Le tavole a colori di Beltrame divennero il marchio distintivo della rivista. Nelle sue copertine è riassunta in pratica tutta la storia del costume e della società italiana della prima metà del XX secolo. Fatti di cronaca, sportivi, di costume venivano riassunti con maestria dall'illustratore arzignanese, che riusciva a renderli vivi e attuali agli occhi di una popolazione non ancora del tutto uscita dall'analfabetismo. Non si mosse mai da Milano dove disegnò tutte le sue tavole. Ciò nonostante riuscì a rappresentare luoghi, fatti, persone e cose che non aveva mai visto di persona, grazie alla sua innata immaginazione e curiosità unite ad un rigoroso senso di realismo. Celebri, in particolare, furono le sue illustrazioni degli avvenimenti bellici della Grande guerra e delle vicende degli Alpini.
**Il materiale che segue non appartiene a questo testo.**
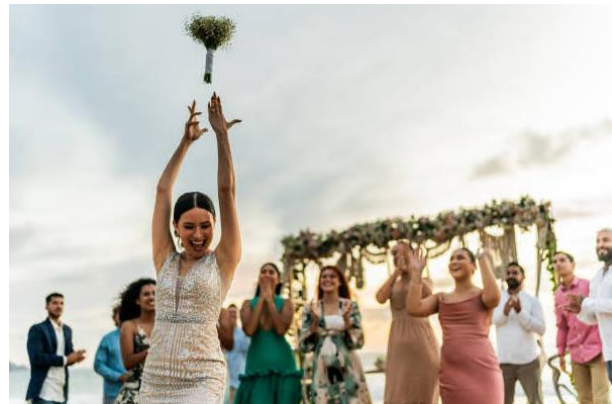
▲披露宴でのブーケトス。参加できるのは未婚の女性のみで、キャッチした人は次に結婚すると言われています。
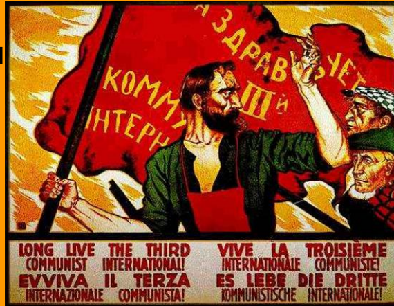
Hirugarren internazionalaren kartela
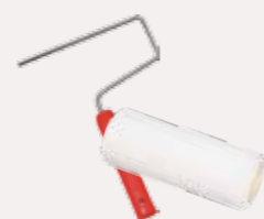
Format-Steckbügel 1101, Microfaser-Farbwalze 1221
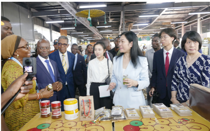
Visite des stands par les officiels

un lieu de rencontres stratégiques et un incubateur de partenariats. « Le thème invite à revisiter le chemin parcouru, à honorer tous ceux et celles qui, depuis 1985, ont contribué à faire de la Foire une vitrine majeure, tout en nous projetant vers des horizons nouveaux de modernité et de compétitivité mondiale. », a précisé le Ministre Kossi Ténou.
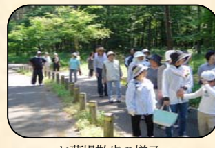
お幕場散歩の様子
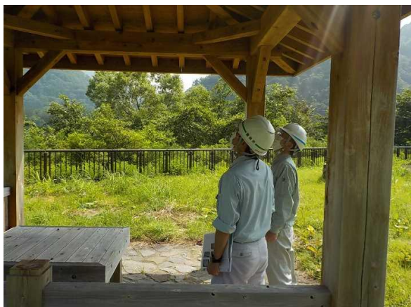
たしろ多目的広場
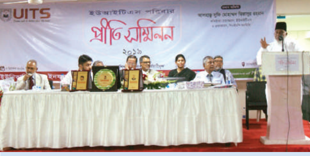
শ্রীতি সম্মিলন-২০১৯, ইউআইটিএস পরিবার
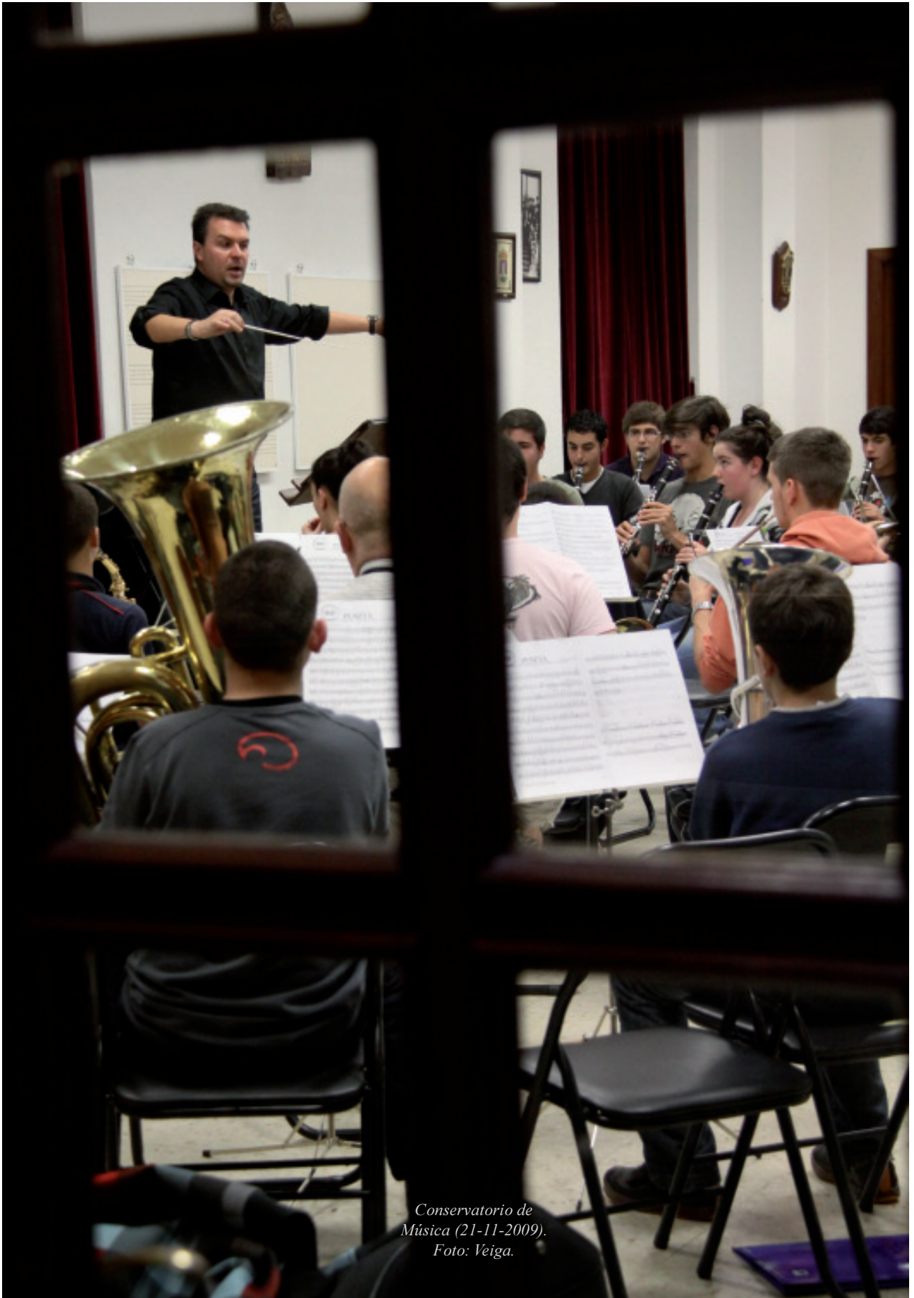
Conservatorio de Música (21-11-2009).
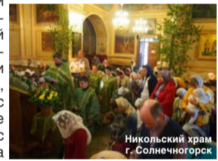
Никольский храм г. Солнечногорск

общецерковная акция. Во время службы на сороке были установлены подсвечники на поминовение убиенных младенцев, а после Божественной Литургии была вознесена молитва с обращением к Святой Троице о просвещении нашего народа.
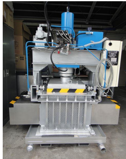
2. 僅かな電力でプレス
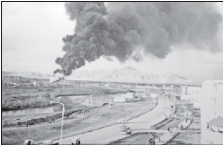
Одна из первых диверсий.

Убит наш торговый заготовитель, скончался от ран ветврач. Убит охранниками военсоветник, майор 34 лет. Он руководил эвакуацией наших людей. Семьи и специалисты вывезены почти в нижнем белье на бронетранспортерах и затем самолетом. Представителя торгпредства убили и надругались. Перед тем, как погибнуть, он успел передать в Кабул: «Это, возможно, мои последние слова, они приближаются...».
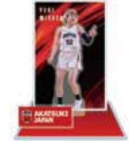
アクリルスタンド ¥1,800
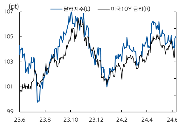
미국 국채 금리와 달러 지수 추이
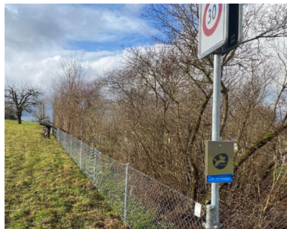
Abbildung 9: Obere Hecke auf dem Friedhof.
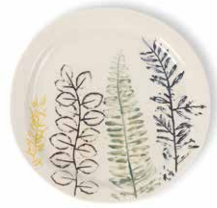
P1505016 NEW PLATO POSTRE DESSERT PLATE Ø21x2cm | 4u.
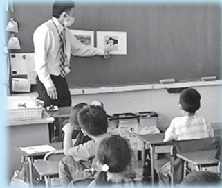
物語の要素を取り入れたアニメーション

第三小学校では、「知名度アップ大作戦」の集大成として、プロモーションビデオを制作しました。武蔵村山市を多くの人に知ってもらうため、10万回再生を目指しています。ぜひ、御覧ください!!
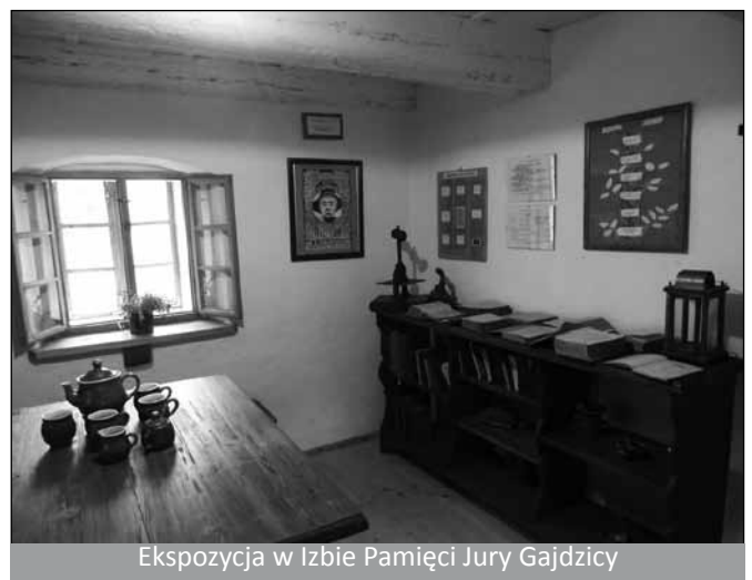
Ekspozycja w Izbie Pamięci Jury Gajdzicy

Izba Pamięci Jury Gajdzicy – to przesiąknięte historią miejsce zostało otwarte w 170. Rocznice śmierci Jury Gajdzicy (rok 2010), twórcy pierwszego polskiego ekslibrisu chłopskiego i autora chłopskich pamiętników, które są nieocenionym źródłem wiedzy o życiu mieszkańców XVIII wiecznej wsi. W „gajdzicowce” obejrzeć można ekslibrisy, książki opowiadające o historii Cisownicy i regionu, drzewo genealogiczne Gajdziców czy napis własnoręcznie wryty przez Jurę Gajdzicę. Adres: Cisownica, ul Ustrońska 200
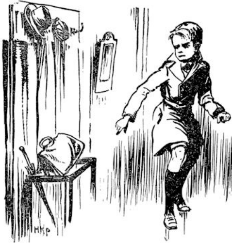
Met een verongelijkt gezicht gooide Kees z'n tas in de parapluiebak. „Die lui hebben nou toch ook altijd wat!
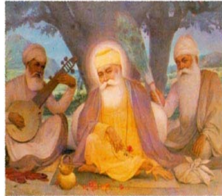
Fundador de Religión Sij – Guru Nanak Sahi Ji

Esta Palabra viene de Él, Quien ha creado el mundo. - El Gurú Nanak
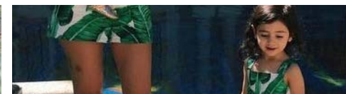
Millonaria Mamá De Madrid Expone Cómo Gana Quinientos €/hora Desde Casa
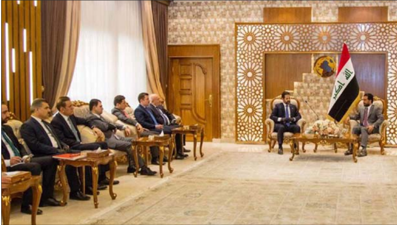
الوفد الكردي خلال لقائه رئيس البرلمان.. أرشيف

وفي وقت سابق كان رئيس الوزراء مصطفى الكاظمي، قد دعا مجلس النواب إلى عدم إقحام الخلافات السياسية في موازنة البلاد المالية. من جهته قال مازن الفيلبي، عضو اللجنة الاقتصادية في البرلمان، انه "بحسب المعلومات المتوفرة فإن المشاكل في الموازنة ستحسم خلال الـ8 ساعات القادمة". واضاف الفيلبي ان "هناك مشاكل فنية في الموازنة تتعلق بحصة اقليم كردستان وكيفية ادارة تصدير النفط، بالإضافة الى إيرادات المنافذ الحدودية".
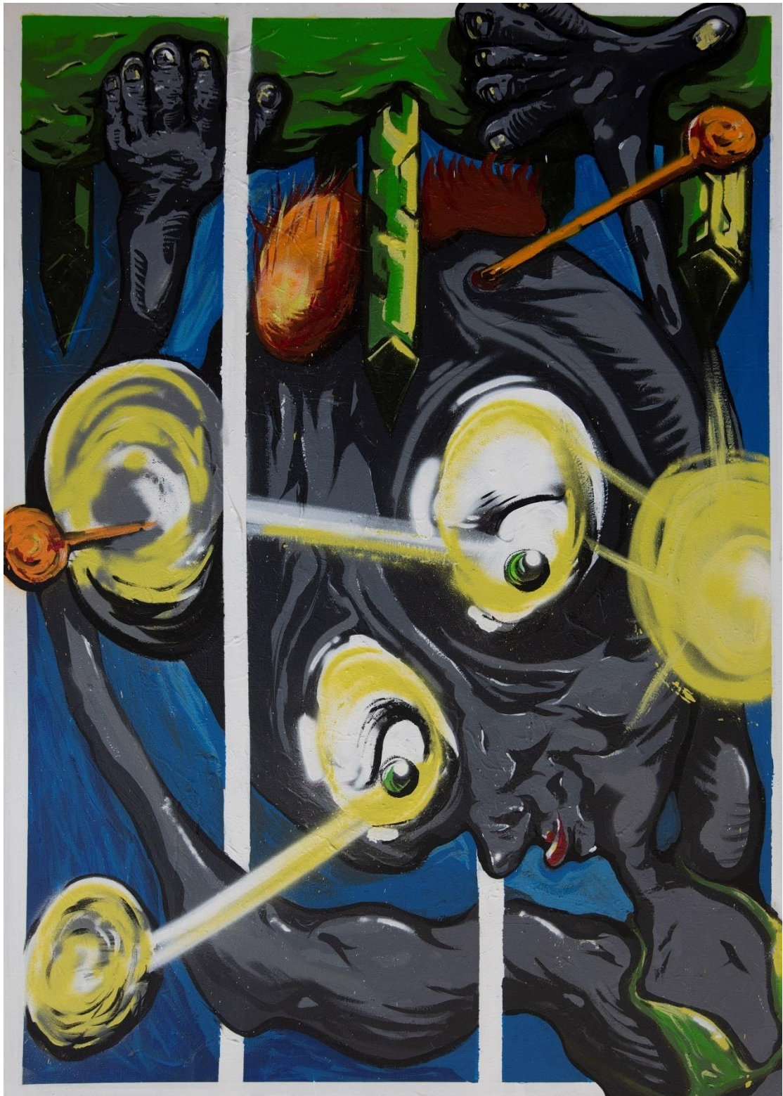
ΚΡΑΘΜΑ, 2022/ ΜΕΙΚΤΗ ΤΕΧΝΙΚΗ ΣΕ ΚΑΜΒΑ 100X140 ΕΚ.
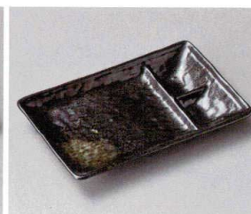
28107-671 天目白吹トンカツ皿 720円 (21.2×13.5×3cm)
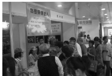
义工招募现场人潮涌动

学校体育工作和人才培养的特色,在各种体育活动中提高学生身体和心理素质。目前,学校民族传统体育运动队和社团发展已经相对成熟,在第七届浙江国际传统武术比赛中取得了优异成绩。我校还被批准为浙江省高校唯一的涉外传统武术教练员培训基地。这是我校改制成功后,体育部为适应学校发展、加强国际交流,形成外语类学校体育工作特色的一个新举措。 其他各学院、部门和直属单位也都结合自身实际,制定了各具特色的活动方案,深入开展调研学习,形成了人人关注、人人参与的良好氛围。
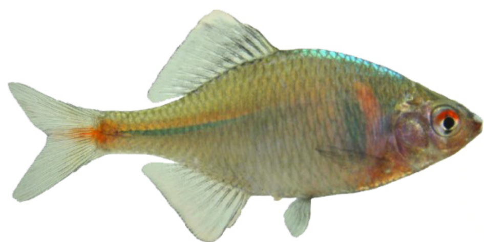
ニッポンバラタナゴ

※18時から懇親会を20時からは学生交流会「生物多様性を維持するために学生ができる事は？」が御座います。
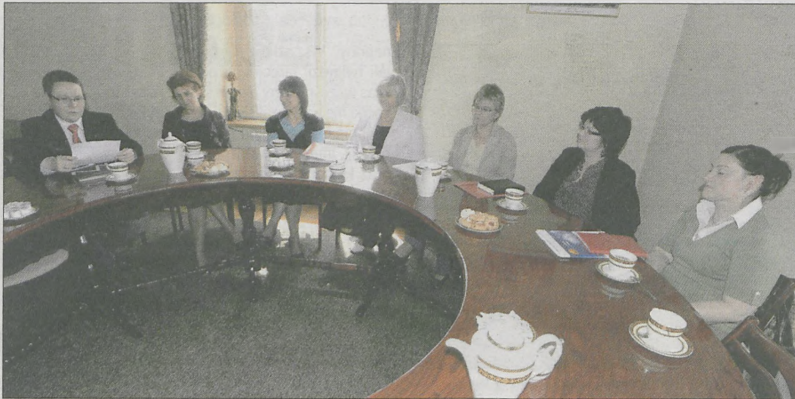
Przedstawiciele szkół zakwalifikowanych do projektu na spotkaniu z mediami

Projekt „Z małej szkoły w wielki świat” przewiduje łączenie klas np. V i VI, ale zdaniem nauczycieli, wiele zagadnień można zrealizować wspólnie. Pedagodzy od razu dodają, że takie wspólne lekcje spowodują, że dzieci będą musiały być aktywniejsze. Zajęcia roz-
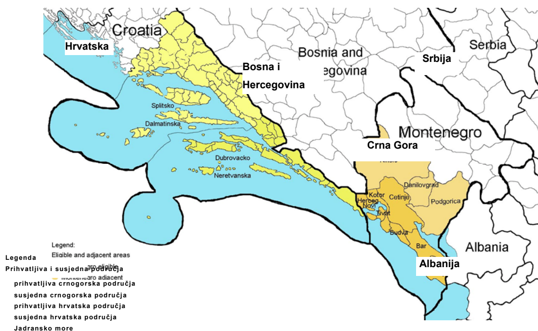
Mapa 1: Prihvatljiva i susjedna područja za Hrvatsku i Crnu Goru
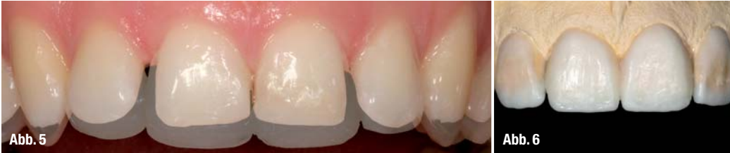
Abb. 5 Die ästhetische Analyse und die Wünsche des Patienten indizieren eine Versorgung mit keramischen Verblendschalen (Veneers). Mithilfe eines Komposits, das freihändig auf die Labialflächen aufgetragen wird, können wesentliche Veränderungen direkt am Patienten ermittelt und gemeinsam mit ihm abgestimmt werden. Um die Verkürzung der Eckzähne zu simulieren, werden zu lange Zähne mit einem schwarzen Filzstift markiert. Durch die Überlagerung der Bilder wird der ästhetische Vorteil durch die Beseitigung der Zahnlücke und die Neuausrichtung der Schneidezähne veranschaulicht. Anschließend erfolgt eine erste orientierende Abformung zur Herstellung eines diagnostischen Modells mit Wax-up.
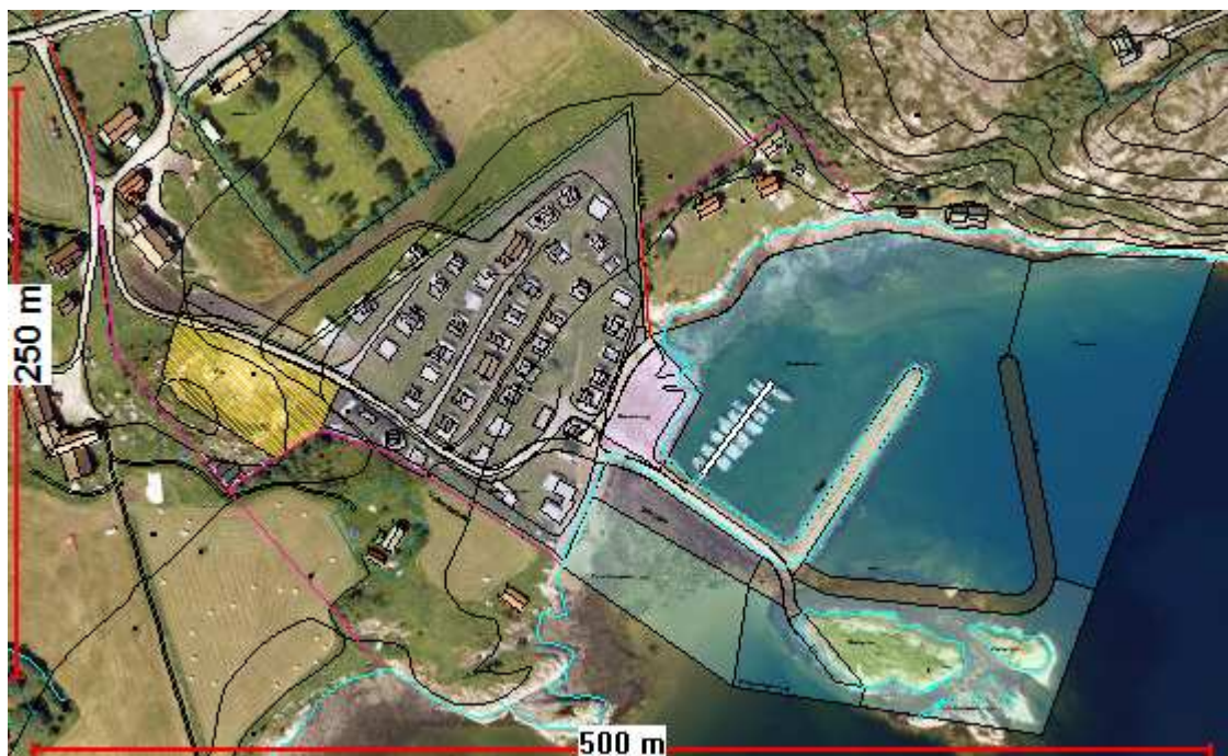
Kartutsnitt som viser planområdet ved Værnes camping og småbåthavn

Om noen år vil driften av gården Værnes Østre være inne i et generasjonsskifte. Denne planendringen er et forsøk på å legge til rette for arbeid og inntekter for framtidige generasjoner som skal overta gården. Jordbruket i seg selv er ikke tilstrekkelig til å oppnå dette. Det forventes at framtidig besøkende på turistanlegget ønsker et variert tilbud, god service og ordnede forhold på campingplassen. Et moment for framtiden er også at kommunen ønsker å begrense antall flytebrygger og småbåtanlegg rundt om i kommunen og heller legge opp til å samle disse på færre og større enheter. Omsøkte plan vil kunne imøtekomme disse ønsker.
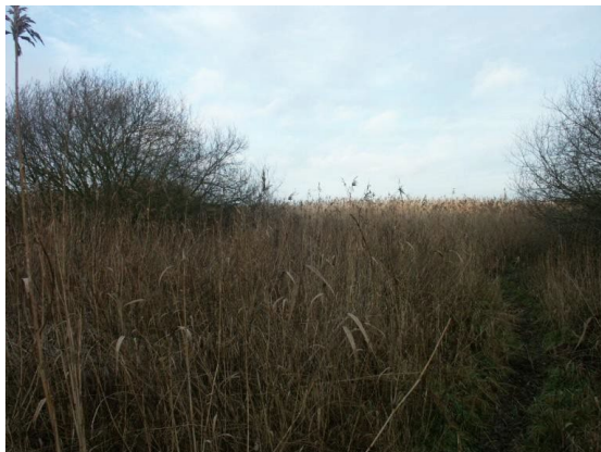
Engareal med tagrør, pil og rødel inden græsningen kan erkendes

Opgaven var at få en del af strandengene i Amstrup Enge tilbage til græsset strandeng. I alt ca. 30 ha. Efter mange år med svigtende interesse for at græsse engene, var store dele tilgroet med tagrør, og der var efterhånden groet en hel del rødel ind fra siderne, samt spredt opvækst af bl.a. pil.

Anche gli altri sette fratelli di Achille Beltrame si distinsero nelle arti e nelle lettere[3].

Morì a Milano il 19 febbraio 1945, nella casa del nipote in via Fiamma 27.

Il suo discepolo, Walter Molino, che l'aveva affiancato già dal 1940, rimase a illustrare le copertine del settimanale dopo la sua morte.

Come pittore, Beltrame realizzò centinaia di quadri a olio, acquarello, tempera e matita.

Note[modifica | modifica sorgente]

  1. ^ a b Biografia di Achille Beltrame su Vicenza.com.
  2. ^ Gaetano Afeltra, Quando Beltrame immaginava il mondo dalla sua Milano, dal Corriere della Sera, 19 febbraio 1995, n°42.
  3. ^ a b Daniele Concato, Così Buzzati ricordava il disegnatore, da Il Giornale di Vicenza, 28 maggio 2007.